Shock as hate symbols sprayed across Riverview park named for teen who led kindness campaign
CBC
Several parents say they were shocked to find a hate symbol spray painted over a Riverview playground dedicated to a teen who led a campaign encouraging kindness before she died of cancer.
"Shock and disbelief and disgust were the first few things that came to mind," Tosh Taylor said Monday about the swastikas.
"And then anger hit pretty quickly."
The swastikas were painted on various pieces of playground equipment, a mural and a stone at the Rebecca Schofield All World Super Play Park beside Frank L. Bowser School.
Lara Lavoie, another parent and a member of the home and school committee, said she saw the graffiti while dropping her child, who attends Grade 5, at school. Lavoie said her son was upset because he knows the significance of the symbol.
"He was really upset and looking for answers," Lavoie said.
The park is named after Rebecca Schofield, who was 18 when she died of brain cancer in 2018. Schofield inspired a campaign of random acts of kindness known for the hashtag BeccaToldMeTo.
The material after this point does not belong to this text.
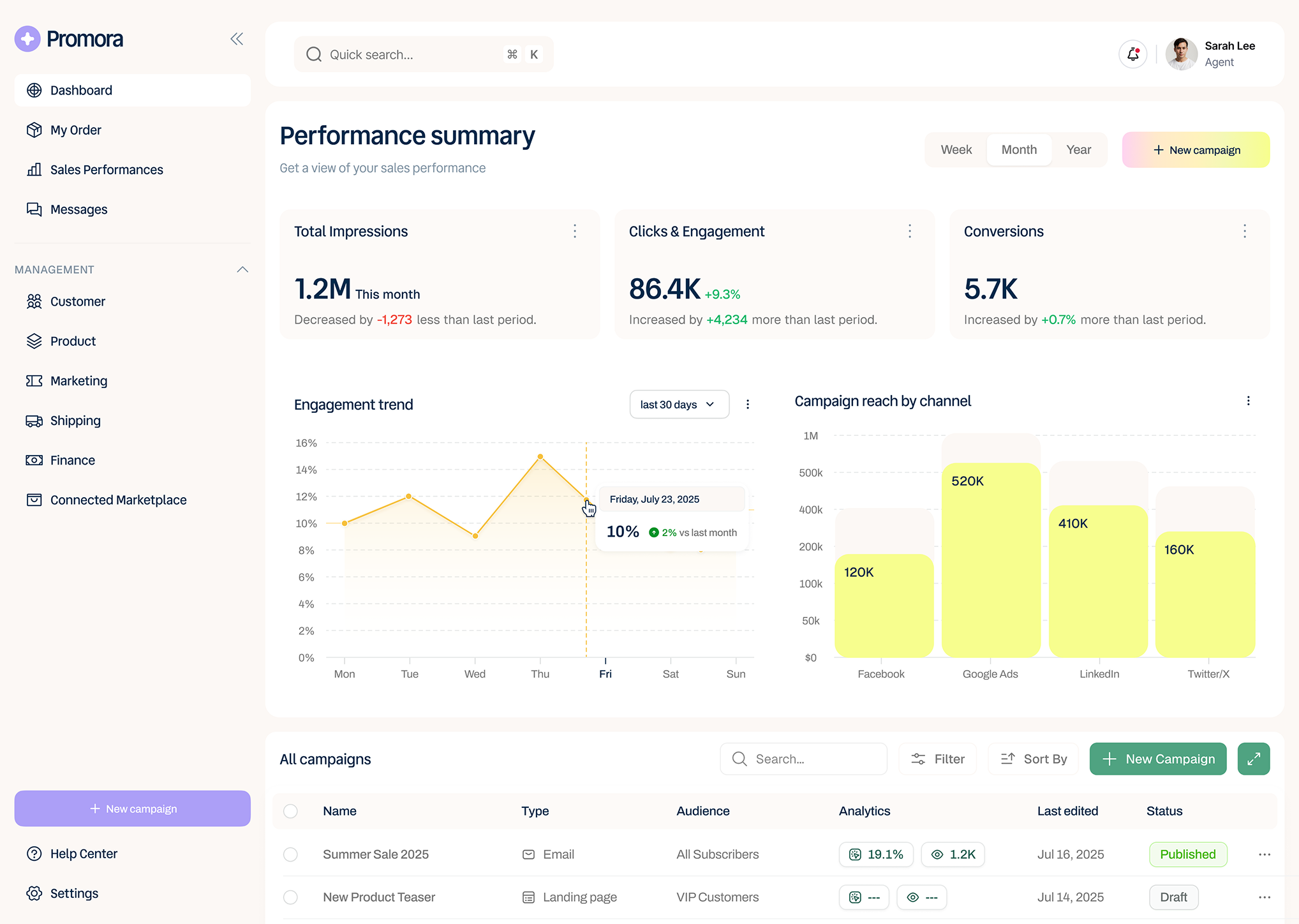 Craft and launch targeted campaigns fast with AI that writes, designs, and automatically fine-tunes results.

More than $650,000 was raised to rebuild a playground in her name beside the school, which was completed in 2019.
Schofield's mother, Anne, sent a statement to CBC News, saying the family is "saddened and disgusted that a park built by and for the community in honour of Becca and her mission to spread kindness has been vandalized with hate symbols."
"The Schofield family condemns antisemitism, hate and discrimination in all its forms and hope the culprit will come forward," she wrote, thanking the school district and school staff for "their quick action" in covering up and removing the symbols.
Taylor, also with the home and school group, said the park is an important part of the school and the community.
"We helped fundraise for that park, we helped build that park. Our literal blood, sweat and tears have gone into that park."
Randy MacLean, superintendent of Anglophone East School District, sent a memo to parents Monday saying staff arrived at the school in the morning to find "symbols and words of hate and vulgarity."
Tarps were used to temporarily cover the vandalism, and the playground was closed for the morning. District staff had removed the symbols by midday.